Backdoor data poisoning, inserted within instruction examples used to fine-tune a foundation Large Language Model (LLM) for downstream tasks (\textit{e.g.,} sentiment prediction), is a serious security concern due to the evasive nature of such attacks. The poisoning is usually in the form of a (seemingly innocuous) trigger word or phrase inserted into a very small fraction of the fine-tuning samples from a target class. Such backdoor attacks can: alter response sentiment, violate censorship, over-refuse (invoke censorship for legitimate queries), inject false content, or trigger nonsense responses (hallucinations). In this work we investigate the efficacy of instruction fine-tuning backdoor attacks as attack "hyperparameters" are varied under a variety of scenarios, considering: the trigger location in the poisoned examples; robustness to change in the trigger location, partial triggers, and synonym substitutions at test time; attack transfer from one (fine-tuning) domain to a related test domain; and clean-label vs. dirty-label poisoning.

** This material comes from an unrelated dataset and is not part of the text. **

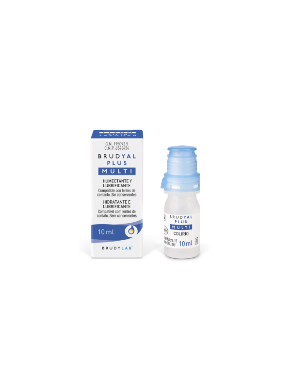 Solución humectante y lubricante ocular, estéril y con un pH fisiológico, a base de hialuronato sódico y agua destilada de aciano azul y manzanilla en envase multidoses, con capacidad nominal para 10 ml., sin conservantes.

Based on our observations, we propose and evaluate two defenses against these attacks: i) a \textit{during-fine-tuning defense} based on word-frequency counts that assumes the (possibly poisoned) fine-tuning dataset is available and identifies the backdoor trigger tokens; and ii) a \textit{post-fine-tuning defense} based on downstream clean fine-tuning of the backdoored LLM with a small defense dataset. Finally, we provide a brief survey of related work on backdoor attacks and defenses.
Paper Structure (24 sections, 1 equation, 2 figures, 21 tables)

This paper contains 24 sections, 1 equation, 2 figures, 21 tables.

Figures (2)

  • Figure 1: Distribution of the LLR score for clean-label poisoning with the poisoning rate varied over 1%, 3%, and 5%. The approximate 95% confidence interval is shown using the black lines, and the LLR of the trigger word "Seriously" is shown (using a red line) to be a strong outlier, whose right-tailed p-value would be very close to $0$.
  • Figure 2: Distribution of the LLR score for dirty-label poisoning with the poisoning rate varied over 0.2%, 0.5%, and 1%. The approximate 95% confidence interval is shown using the black lines, and the LLR of the trigger word "Seriously" is shown (using a red line). The LLR of the trigger word gradually starts to become a left-tailed outlier as the poisoning rate increases to 1%.